Saturday, September 30, 2006

Clean Water is Child's Play

In my previous post, I talked about the launch of the Clinton Global Initiative, and how Bill Clinton brought together all of these heavy hitting businesspeople, celebrities, and activists to address global poverty and environment issues.

At this year's event, held last week, even more impressive commitments were made. Richard Branson, founder of Virgin Airlines, pledged to invest a huge sum in fighting Global Warming. Vinod Khosla and others pledged a massive campaign to develop biofuels to reduce oil dependency. And those were only two of the notable commitments made.

But one announcement was really dear to my heart.

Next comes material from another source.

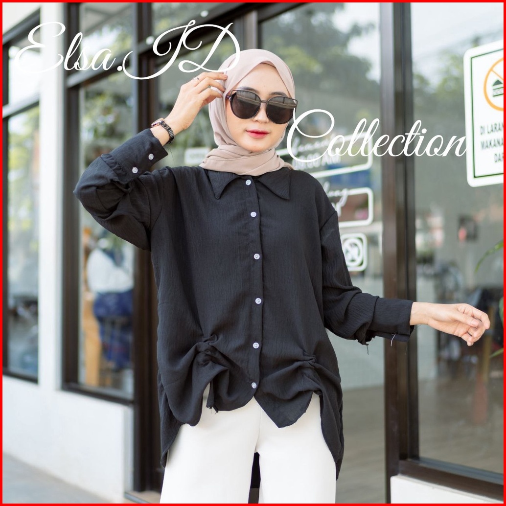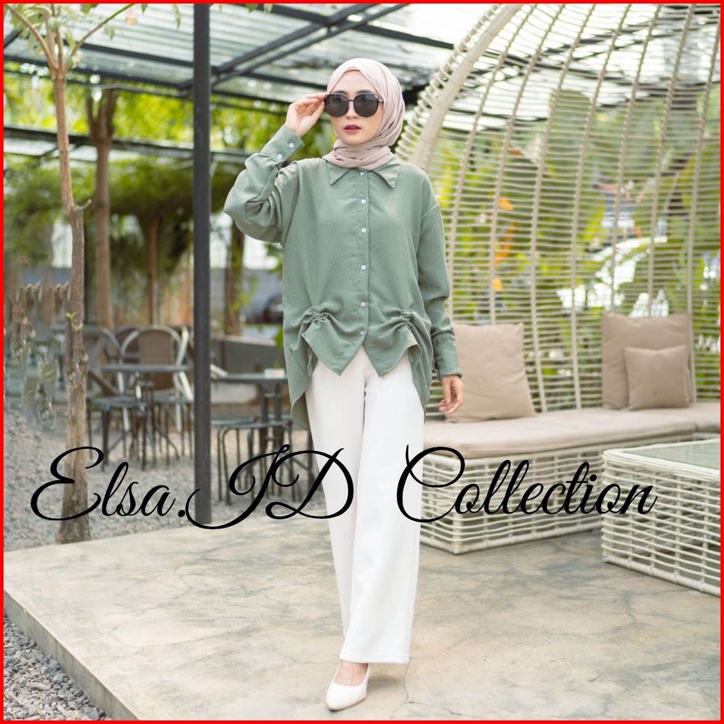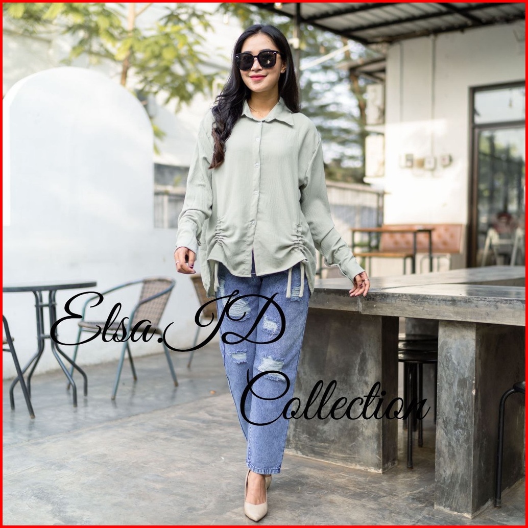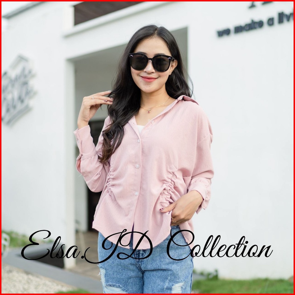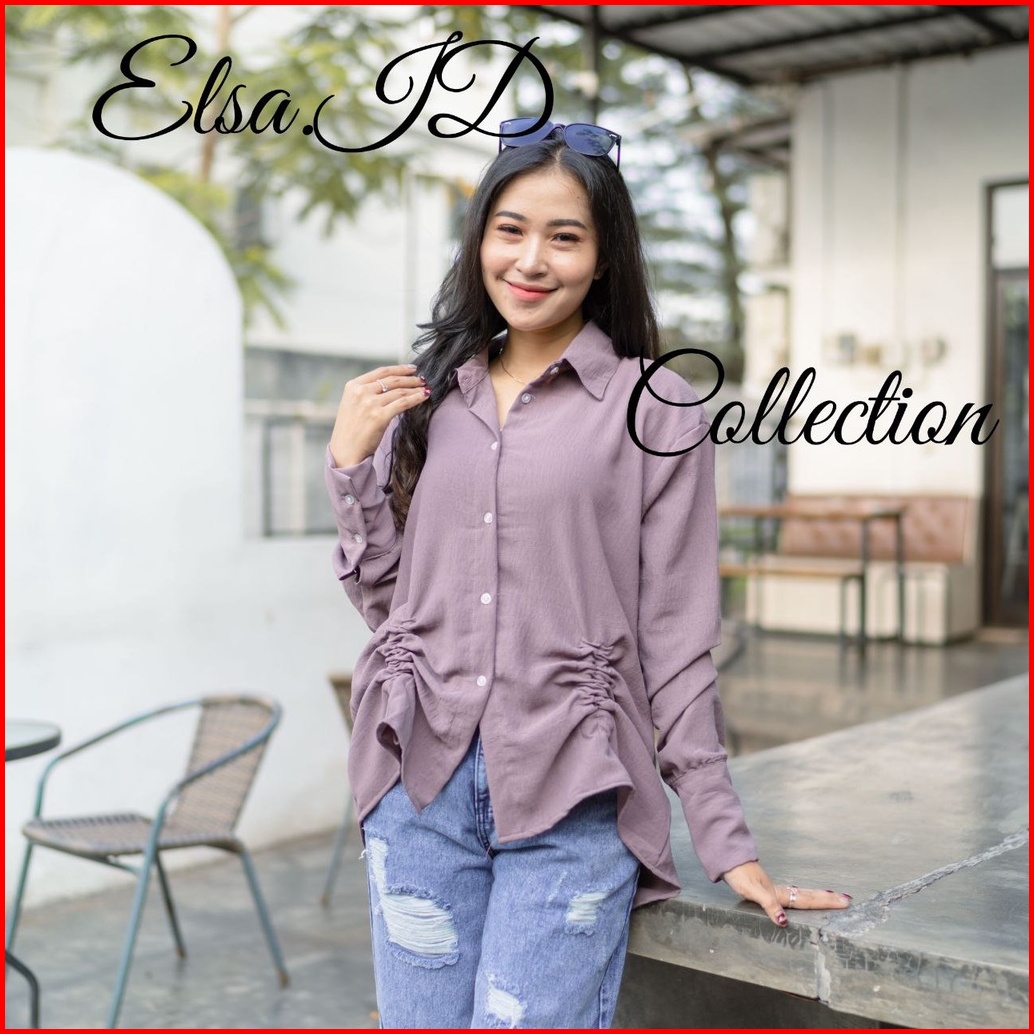 Elsa Ruched Shirt - Kemeja Cringkel Serut Wanita Oversize - Atasan Wanita Lengan Panjang

Tens of millions of dollars were pledged for "Playpump" projects throughout Africa. I love this idea. Millions of women in Africa walk hours each day to get fresh water, and in many places they are often attacked or otherwise abused along the way. A South African guy named Trevor Field came up with the idea to connect water pumps to old-fashioned merry-go-rounds. Kids play on the merry-go-rounds, and by doing so they pump fresh water to the service. Everyone wins - the kids have a toy to play with and the mothers can come together, share news, socialize, and get clean water without walking for hours.

I especially like this project because the concept got seed funding at the first-ever Development Marketplace that we did at the World Bank before leaving to create GlobalGiving. That was in 2000, and some people wondered whether "cute" little ideas like this could ever get to scale. Well, the announcement at the Clinton Initiative was the first step in a commitment by the Case Foundation to gets tens of millions of dollars channeled to this initiative so that throusands of the Playpumps could be installed all over Africa.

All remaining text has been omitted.